A próxima edição do torneio ocorrerá entre 11 de junho e 19 de julho, durante o verão nos países anfitriões: Canadá, Estados Unidos e México. Isso significa que os atletas estarão expostos a condições climáticas potencialmente extremas.
De acordo com o WWA, as previsões indicam que, em algumas cidades dos EUA e do México, os jogos poderão ser verdadeiros testes de resistência ao calor. “Em determinadas sedes, os índices que combinam temperatura, umidade, radiação solar e vento podem atingir níveis considerados de risco para atividades físicas prolongadas”, alerta Ligia Trevizan, cardiologista do Hospital M’Boi Mirim, gerido pelo Einstein Hospital Israelita.
Embora isso não signifique que haverá um aumento significativo de emergências médicas, a situação reforça a necessidade de estratégias de prevenção eficazes.
Conforme o WWA, os jogos no sul e interior dos EUA e do México enfrentarão temperaturas frequentemente superiores a 30 °C. Para muitos brasileiros, essa temperatura pode parecer suportável; no entanto, o que realmente preocupa os especialistas é o Índice de Bulbo Úmido e Temperatura de Globo (IBUTG), que mede o estresse térmico no corpo humano.

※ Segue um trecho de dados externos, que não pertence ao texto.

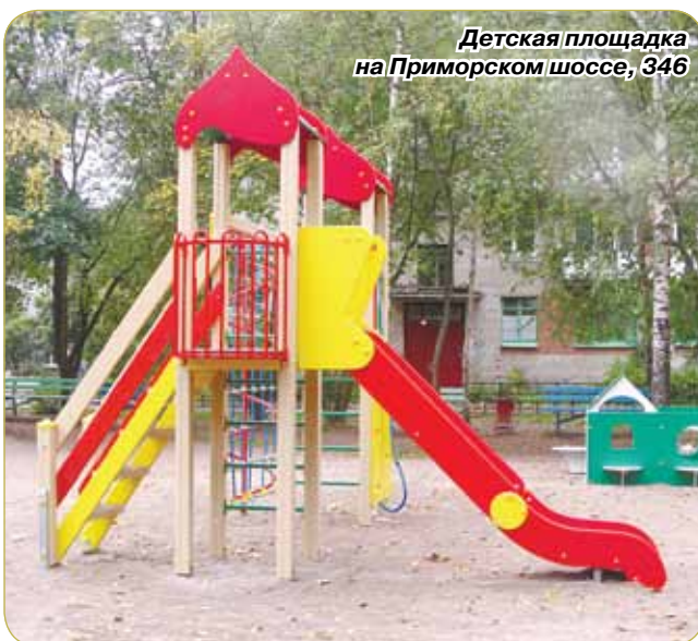
Детская площадка на Приморском шоссе, 346

Ежегодно ко Дню основания Сестрорецка, который традиционно отмечается в середине сентября, депутаты Муниципального совета и служащие Местной администрации стараются порадовать горожан новыми объектами благоустройства, скверами, детскими игровыми и спортивными площадками. Замечательные подарки приготовлены для сестроречан и в этот раз.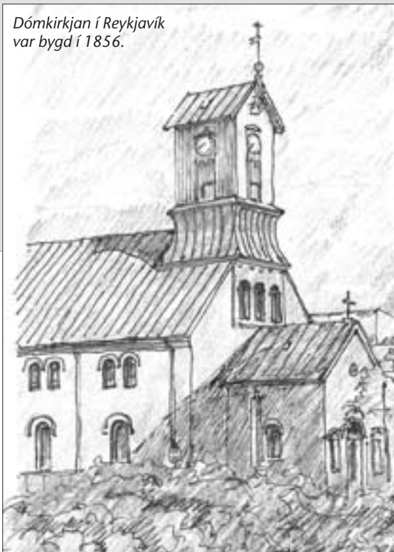
Kirkjan á Kirkjukletti í Vági varð vígd í 1862. Tornið er meinlíkt dómkirkjuni í Reykjavík.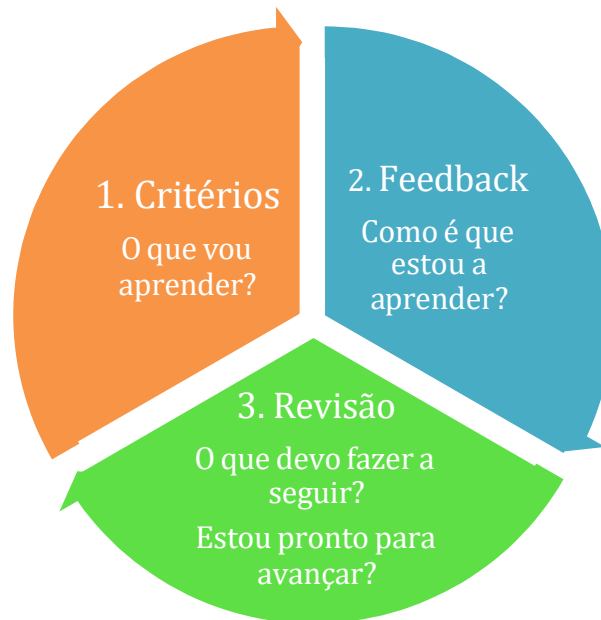
Figura 3- síntese Avaliação Pedagógica

A título de conclusão, se se combinarem os três processos-chave atrás referidos – feed up , feedback e feed forward - e os diferentes agentes implicados (professores, aluno e pares), a avaliação pedagógica poderia ser representada pelo seguinte esquema: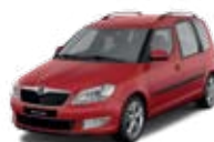
Corrida Red uni - 8T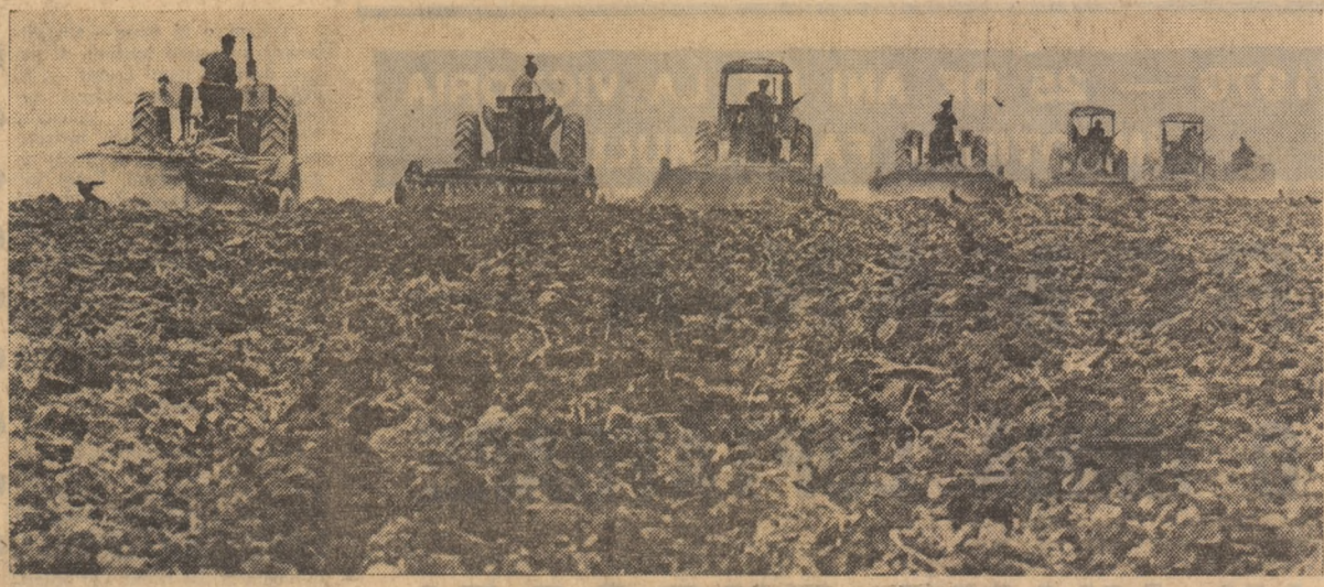
În aceste zile, pe ogoarele țării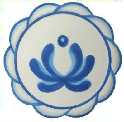
Поэтапное рисование узора гжели

Por exemplo, 30°C em um dia seco e ventilado é bem diferente de 30°C com 80% de umidade e sol intenso. O WWA estima que, durante a Copa, 26 jogos ocorrerão com temperaturas de bulbo úmido acima de 26°C, o que, segundo a Federação Internacional de Profissionais de Futebol (Fifpro), representa um risco real de estresse térmico.
Nessas condições, a entidade recomenda pausas para resfriamento durante as partidas. Acima de 28 °C, a prática é considerada insegura. Entretanto, os regulamentos da FIFA só prevêem o adiamento de jogos quando a temperatura de bulbo úmido ultrapassa 32 °C, o que gera preocupação entre os especialistas. Felizmente, a WWA acredita que as chances de condições climáticas severas, como níveis de IBUTG superiores a 30°C, são baixas.
As altas temperaturas podem causar diversos problemas, sendo a redução no desempenho dos atletas a principal preocupação. Em situações de calor extremo, os jogadores podem sofrer de fadiga precoce, sensação de esforço excessivo, câimbras musculares e dificuldade em manter a intensidade da atividade física. A desidratação é uma das principais causas desse fenômeno.
Quando a temperatura aumenta, o corpo ativa seu sistema de resfriamento, que é o suor. À medida que o atleta transpira, o organismo perde líquidos, o que leva à desidratação e à diminuição dos estímulos musculares pelo sistema nervoso central.
Além disso, a circulação sanguínea se concentra mais na pele para resfriar o corpo, reduzindo a oferta de oxigênio para os músculos. “Até mesmo os melhores jogadores tendem a se cansar mais rapidamente”, explica o médico do esporte Páblius Braga, do Hospital Nove de Julho, da Rede Américas.
Os principais riscos incluem hipertermia, que resulta em aumento da temperatura corporal, fadiga, exaustão e desidratação. Essa combinação sobrecarrega o sistema cardiovascular, podendo causar arritmias e, em casos graves, ser fatal. Durante o exercício, o coração já trabalha para fornecer oxigênio e nutrientes aos músculos, e em temperaturas elevadas, aumenta o fluxo sanguíneo para a pele para dissipar o calor.
Com isso, o coração precisa atender simultaneamente às demandas dos músculos em atividade e aos mecanismos de resfriamento do corpo. A perda de líquidos pelo suor reduz o volume de sangue circulante, fazendo com que o coração bata mais rápido para manter a circulação. Além disso, a perda de eletrólitos essenciais, como potássio, magnésio e sódio, pode comprometer ainda mais a saúde do atleta.
Os sintomas de desidratação incluem tontura, náuseas, dor de cabeça e sensação de desmaio. Em casos extremos, pode ocorrer exaustão pelo calor, caracterizada por incapacidade de manter o exercício, fraqueza intensa e comprometimento do estado geral, podendo evoluir para insolação, uma emergência médica grave.
Nem todas as seleções enfrentam o calor da mesma forma. Times que treinam em climas frios, com pouca variação de temperatura, podem estar menos preparados para as condições quentes. Além disso, a adaptação ao calor varia entre os atletas, e aqueles que não estão acostumados a altas temperaturas podem ter um desempenho inferior.
Portanto, a preparação para a Copa do Mundo deve incluir estratégias de aclimatação e hidratação adequadas para garantir a saúde e o desempenho dos jogadores durante o torneio.